До моего амбара по прямой от училища около километра, дальности амулетов наблюдения хватало, прислали сигнал, и я получил информацию, что мой амбар вскрыли, замок спилили, сейчас заводили людей с узлами. Женщины и дети. Вот оно как? Ясно. Пока же комиссар попытавшись придавить меня взглядом, ведь пытался раньше, с меня как с гуся вода, но видимо играл перед гостем и грозно спросил:

— Юрченко, что это за новости с отказом принять беженцев⁈

— Частное владение, я везде не один с госпиталя. Надоели люди, хочу один пожить.

— Ага, с девками. Видели их с тобой, по городу гуляли, на рынке были.

Это так. Выводил своих девчат до снега, погулять им тоже нужно. А так как зимней одежды у них нет, водил по рынку. Это блондинки не брезгливые, хорошие, но ношенные пальто купил им, головные уборы и обувь, Хельга морщилась, пришлось вести к портному, шили на заказ. Сделали уже. Видимо это и видели, я в городе уже фигура известная, в форме хожу, узнавали. Хотя пофиг. Пока же комиссар продолжил, протягивая лист:

— Это приказ, подписали власти города. Принять беженцев.

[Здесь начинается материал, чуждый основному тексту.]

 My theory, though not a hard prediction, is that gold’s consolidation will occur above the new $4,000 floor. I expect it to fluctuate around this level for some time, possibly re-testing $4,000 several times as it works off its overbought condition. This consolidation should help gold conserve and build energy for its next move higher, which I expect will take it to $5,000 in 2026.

— Хорошо. Река рядом, груз на берегу найду.

— Ты о чём? — не понял тот.

— Не нужных котят топят. Беженцы, котята, какая разница? Как заедут, так и исчезнут. Подумаешь одной безымянной могилой в лесу станет больше. Я контуженный, мне пофиг. Вина на вас будет, не на мне. Я же сказал, не пущу никого, будут настаивать, прольётся кровь. И не по моей вине.

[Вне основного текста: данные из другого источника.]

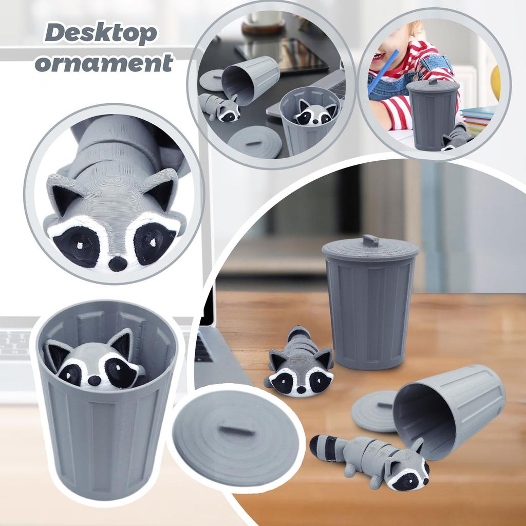 3D-gedruckte Waschbär-Figur, Bewegliche Gelenke, 3,19 Zoll lang, Grau und Schwarz, Mit Aufbewahrungsbehälter

— Он это серьёзно? — спросил гость у явно ошарашенного комиссара.

— Погоди, — остановил того комиссар. — Гена, в чём дело?

— Я уже озвучил, желаю жить один.

— Гена, я тебя знаю. В чём дело?

— Скажем так, я занимаюсь в своём личном жилом доме, тем, что не всё согласуется с законом. Я про свои трофеи, ремонтирую и перебираю. Мне зачем чужие глаза? По законам итальянской мафии, свидетелей убирают. А потом тех, кто мне их направил.

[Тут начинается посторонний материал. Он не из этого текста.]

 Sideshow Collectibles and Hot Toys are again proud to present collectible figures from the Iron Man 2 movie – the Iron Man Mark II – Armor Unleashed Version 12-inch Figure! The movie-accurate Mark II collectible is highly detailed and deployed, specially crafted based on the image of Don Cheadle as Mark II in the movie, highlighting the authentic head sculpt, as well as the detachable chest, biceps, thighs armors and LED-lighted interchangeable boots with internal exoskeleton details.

— Ну да, в таком виде я тебя понимаю. Для того ты и съехал с общежития. Видимо, как привезли эти трофеи, с чем я кстати тебя не поддерживаю, но ты известный собственник и бил по рукам тем, кто пытались тебя перевоспитать. Даже меня. Ладно, беженцы будут жить в твоём амбаре, ты пойми, отыграть назад мы уже не сможем. Я спрошу понятно для тебя, что ты хочешь?

— Машину, — просто ответил я.

— Какую машину?

— Легковую, чтобы ездить от своего общежития до амбара и обратно.

— А зачем? Ты же в любую погоду носишься по реке каждое утро, перед занятиями. Мне верные источники сообщили?

— Конечно верные, а то я не знаю, что ваш зам на той же улице с семьёй живёт.

— Машину, значит? Личную?

— Зачем личную? Служебную… Хотя, можно и личную. Трофеев у меня много, есть и немецкие машины. Вы же можете через власти города наградить меня личной трофейной машиной? Хм, надо будет подумать какую выбрать. На «Мерседес» званием не вышел, лучше «Опель», тем более там печка обогрева для зимы есть.

— Однако у тебя и запас трофеев, если ты не врёшь. Погоди, а с чего ты передумал?

— Машина нужна, уже понял. А с амбаром и беженцами вопрос легко решить. Раньше была на второй этаж отдельная лестница снаружи. Найму плотников и вернут как было. А лестницу внутри уберут и проём заделают. Так что у них свой выход будет, у меня свой, особо и не встретимся. Там своя печка есть, можно готовить и отапливать.

— Сейчас придумал? — спросил комиссар с интересом.

— Ага, только что в голову пришла. А то я уже мысленно всё спланировал. Мне насильно заселяют беженцев, я их куда отправляю подальше. Власти подумают, что на самом деле убил, пришлют бойцов из комендатуры, буду отбиваться пулемётами, на танке прорвусь и уйду. Потом в тыл к немцам. Партизанить буду у них в тылах. Наверняка военным судом звания и наград лишат, но пофиг. После нашей победы, уйду за границу. Да вон в США, язык я знаю, куплю дом, заведу собаку. Вот думаю, как назвать. Лесси, или Лайма? Пока ещё не решил, личное авто куплю, буду путешествовать по странам… Хм, может вернёмся к этому варианту? Вон уже имя для собаки есть.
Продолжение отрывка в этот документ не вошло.